A Kaslo performance artist is creating a theatre piece with stories of Black people who, like her, live in small towns and rural areas.
Using her skills and experience as a singer, drummer, actor, and dancer, Shayna Jones is creating a one-woman performance piece with their stories.
Jones calls the project Black and Rural, and to develop it she recently received a BC Arts Council grant and one of four artist residencies sponsored by the Civic Theatre in Nelson. Jones will also document her work on her website at https://www.wearestoryfolk.com/.
The new piece will be similar to a style of performing she has been developing for years, but with different subject matter.
“I tell folktales,” she says. “I do it in a West African oral storytelling style where I involve the audience a lot. I do lots of singing with the audience and on my own, in between stories and within the stories, and I drum.”
She will weave together the contributed stories “with Afro-centric movement, rhythm and melody … to give voice to the experience and wisdom of Black folk tucked away in the countryside.”
Missing Voices: Shayna Jones from Touchstones Nelson on Vimeo.
Jones grew up in Chicago and Vancouver, and despite the cultural diversity of those places, she says, the only Black person she knew well was her father.
She uses the metaphor of grafting, as in grafting a fruit tree branch, to describe her work.
“This project is a way for me to graft myself onto my heritage, to graft myself into a sense of place in my heritage, a sense of place in my skin.”

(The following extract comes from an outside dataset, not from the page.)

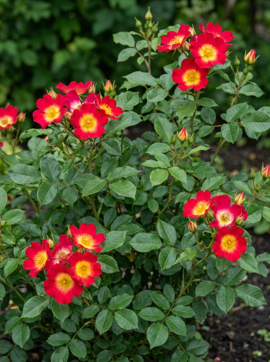 Vormt een bossige opgaande struik met zeer gezonde, glanzend donkergroene bladeren.

Jones is equally committed to rural life and to her Black heritage. She wants to fully experience both together, and she wants her home-schooled kids, age six, five and three, to do the same, in a small rural place, not in a big city.
“I want to raise my kids close to the rhythms of the earth and the rhythms of the land.
“Wanting them to have a strong sense of their Blackness – they are mixed race – in addition to their European heritage, I want to stand and know where I am in my Blackness, so that they have something real to draw upon.”
Her desires to inhabit her Blackness and live on the land each involve slowing down.
“My quest to be authentically and richly connected to my heritage … has everything to do with just slowing down and being close to this land and to the earth.”
She understands why wanting to be “intentionally tucked away in the countryside” might seem strange “in light of what’s been happening socio-politically in the Black community. There is so much push and pull and story-creating about what it is to be Black.”
Her story is not one we will see in popular media, she says.
“It’s not the sexy story that is on television or on the front pages of newspapers.”
In addition to a performance piece, Jones has decided to create a photo and video exhibit to be shown in the entrance to the concert space, featuring the contributing storytellers and the communities they live in.
She hopes we will be able to attend the event in 2022.
Meanwhile, Jones invites Black people living in the countryside, anywhere in the country, to contact her through her website.